In the records below, find the line with "上海办公室厂房装修是指针对在" and the line with "3 sizes of Romotop"; return exactly those lines and every line between them.

• **INFORMATION SHOWN**:
^^^^^^^^

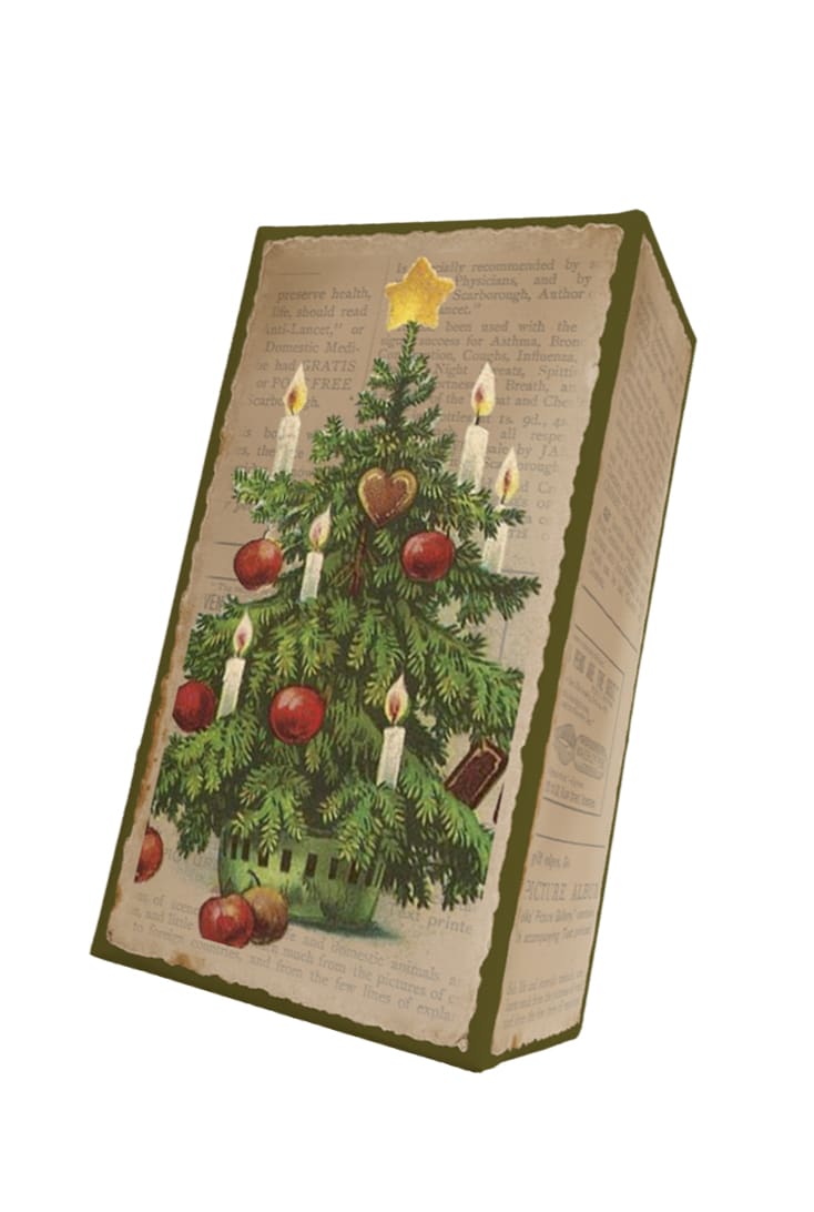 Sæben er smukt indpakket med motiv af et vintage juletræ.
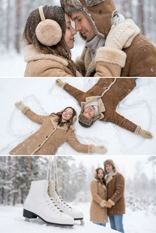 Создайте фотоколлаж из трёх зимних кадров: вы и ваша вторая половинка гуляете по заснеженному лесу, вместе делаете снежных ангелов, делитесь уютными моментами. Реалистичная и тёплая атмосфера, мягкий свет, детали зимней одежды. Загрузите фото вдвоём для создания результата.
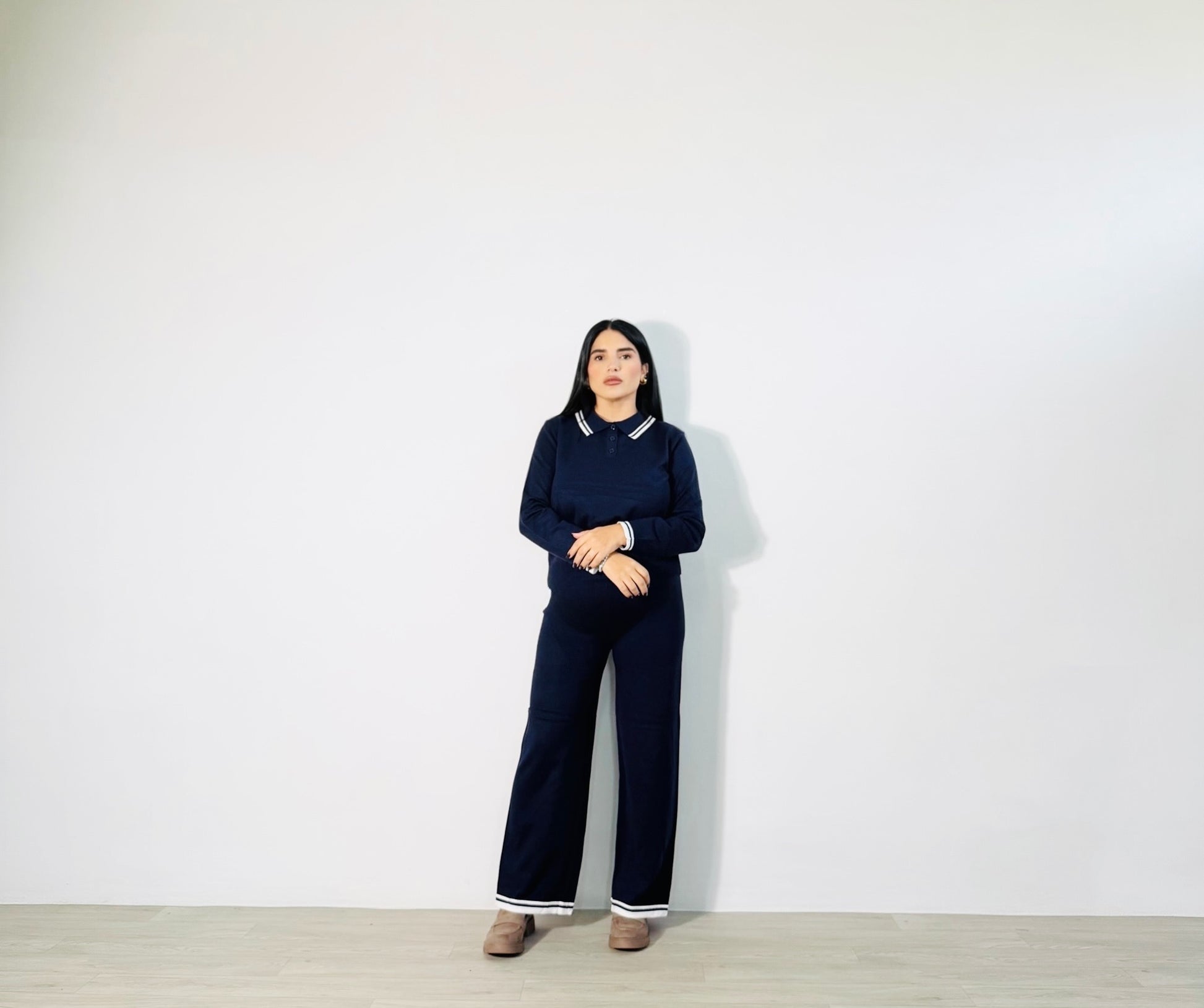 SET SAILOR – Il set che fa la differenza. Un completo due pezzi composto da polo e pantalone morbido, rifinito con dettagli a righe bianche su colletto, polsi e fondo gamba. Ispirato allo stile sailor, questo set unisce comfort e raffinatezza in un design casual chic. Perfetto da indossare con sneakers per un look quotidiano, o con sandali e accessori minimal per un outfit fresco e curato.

^^^^^^^^

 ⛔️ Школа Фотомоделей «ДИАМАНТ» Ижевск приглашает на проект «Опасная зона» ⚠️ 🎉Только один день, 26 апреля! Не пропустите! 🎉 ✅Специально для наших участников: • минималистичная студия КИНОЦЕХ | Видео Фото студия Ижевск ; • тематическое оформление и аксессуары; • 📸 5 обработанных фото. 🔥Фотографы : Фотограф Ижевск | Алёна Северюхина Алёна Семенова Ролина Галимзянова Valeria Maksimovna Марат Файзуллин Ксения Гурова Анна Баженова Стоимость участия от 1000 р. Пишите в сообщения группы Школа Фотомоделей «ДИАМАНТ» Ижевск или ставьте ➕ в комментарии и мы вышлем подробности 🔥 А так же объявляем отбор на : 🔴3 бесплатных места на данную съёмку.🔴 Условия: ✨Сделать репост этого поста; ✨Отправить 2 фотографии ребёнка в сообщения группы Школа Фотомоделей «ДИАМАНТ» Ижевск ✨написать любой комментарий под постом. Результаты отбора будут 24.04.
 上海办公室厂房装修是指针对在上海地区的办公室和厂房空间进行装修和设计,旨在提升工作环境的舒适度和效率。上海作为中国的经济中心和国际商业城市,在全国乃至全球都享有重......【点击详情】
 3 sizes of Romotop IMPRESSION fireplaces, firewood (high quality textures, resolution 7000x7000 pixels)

^^^^^^^^

• **RESPONSE TO THIS EXERCISE**:
 上海办公室厂房装修是指针对在上海地区的办公室和厂房空间进行装修和设计,旨在提升工作环境的舒适度和效率。上海作为中国的经济中心和国际商业城市,在全国乃至全球都享有重......【点击详情】
 3 sizes of Romotop IMPRESSION fireplaces, firewood (high quality textures, resolution 7000x7000 pixels)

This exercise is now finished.